By the time the harvests were ripening in the south, word of the Battle of Bone Pass came even to the other end of the world, to the tiny kingdom of Krasnegar in the far northwest, on the shores of the Winter Ocean. There was nowhere more remote than that.

It was brought there by a Captain Efflio, master of a grubby little cog named Sea Beauty. Although jotnar were far better sailors than imps could ever hope to be, they could not compete with them in business, so the coastal traders of the Impire were often owned by imps. Usually there would be jotnar among the crew—never too many, though, lest they be tempted by ambition.

Efflio was elderly, lazy, and asthmatic, but shrewd, even by impish standards. He was also a fair sailor, a trait he could reasonably assume was due to some jotunn blood in his veins, for any family that had lived for long within reach of the sea was likely to have had unfortunate experiences with raiders.

Having delivered a cargo of garlic and onions to the city of Shaldokan at a good profit, he wheezed his way along the docks to the nearest impish tavern and began eavesdropping on conversations.
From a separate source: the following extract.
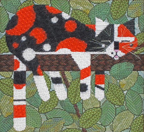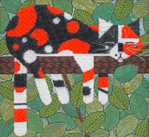 This turned out to be a great design for using stash threads, including a Twedie #18 and Medici for the tree branch and limbs. One stitch that surprised me was using the star octagon stitch for the white fur on the kitty. I wasn’t sure if this stitch was going to provide the effect I was looking for, but upon further thought, it would be fun to do the entire kitty in this stitch, changing thread colors in the appropriate areas and the end result, I think, would be very much like a curly-haired Cornish Rex kitty; just a thought for a future project.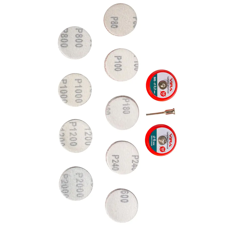 - Зернистость: Р80 (10 шт), P100 (10 шт), P180 (10 шт), P240 (10 шт), P600 (10 шт), P800 (10 шт), P1000 (10 шт), P1200 (10 шт), P2000 (10 шт).

Within the hour he picked up word of a potential hire. Some rural duchess wanted some horses shipped to a place he had never heard of. Her agent was having trouble arranging the matter, because livestock was about the most unpopular haul on the four oceans. The garlic had already made Sea Beauty detectable for two leagues downwind, so Efflio had little to lose in that regard. He also knew that the secret of transporting animals was to starve them to within an inch of their lives—what doesn’t go in can’t come out. He set off in search of the broker. TWo days later, when he was almost ready to sail, he summoned his bosun,` Krushbark, who stood half as tall again as he did and was very anxious to raise anchor before some of his recent shore activities caught up with him.